False: There are several other important risk factors that predispose you to cardiovascular disease. The good news is that most of these risk factors can be changed by making small modifications in your lifestyle. Cigarette smoking is by far one of the strongest risk factors for cardiovascular disease. However, your risk is drastically reduced after 1 year of not smoking. After 4 years of being smoke-free, your risk for cardiovascular disease is equivalent to that of a non-smoker.

Other risk factors for cardiovascular disease include physical inactivity, diabetes, uncontrolled high blood pressure, and obesity.

The following guidelines may help you prevent the development and/or progression of cardiovascular disease:

  • Add 30 minutes of moderate exercise most days of the week
  • Lower the amount of fat in your diet to under 35% of your intake
  • Manage your high blood pressure, diabetes, and other medical conditions

 

Since both of my parents died from coronary disease when they were young, there's little I can do to prevent this disease from developing in me.

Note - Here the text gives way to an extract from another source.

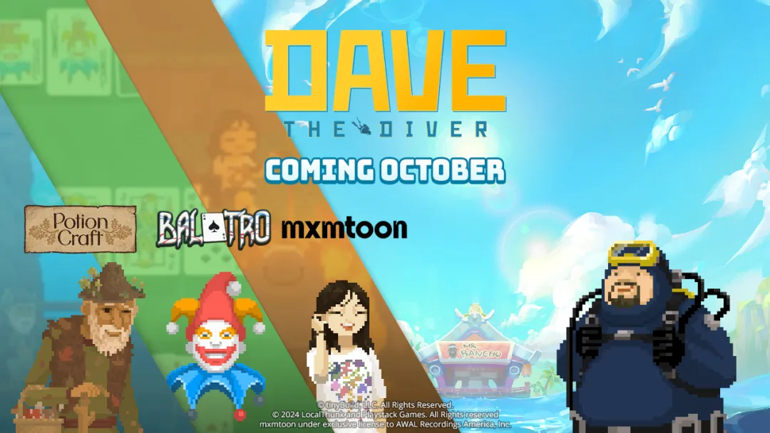 《潛水員戴夫》將於10月推出與《藥劑工藝:鍊金模擬器》、《小丑牌》,以及油管歌手Mxmtoon聯動內容

False: While your family history is an important risk factor (and not changeable), you can control your risk of developing cardiovascular disease by controlling high cholesterol (through diet and sometimes medication), quitting smoking, managing high blood pressure and diabetes and exercising regularly. In fact, recent research shows that you can stop or reverse the progress of atherosclerosis by following a very strict risk factor modification program.

Because atherosclerosis is a slow, gradual process that probably starts in childhood, it is important to have your cholesterol levels tested at age 20. Those who have a strong family history of heart disease should be even more vigilant in testing their cholesterol levels.


A strong family history is:

  • Having a first-degree male relative who had a heart attack, angioplasty, or bypass under age 55.
  • Having a first-degree female relative who had an angioplasty, heart attack, or bypass under age 65.

 

Fact summary

Twelve million Americans have coronary artery disease, making it the leading cause of death in this country.

More than 90 million adults have cholesterol levels that are higher than desirable.

High blood cholesterol is a major risk factor of coronary artery disease, but one that is also quite modifiable.

  • Lowering your cholesterol level by 1% lowers your risk for heart disease by 2%.
  • For some people, losing excess weight will lower total blood cholesterol levels.
  • Egg yolks and organ meats, such as liver, are the foods highest in cholesterol. (One egg yolk has 213 milligrams of cholesterol.)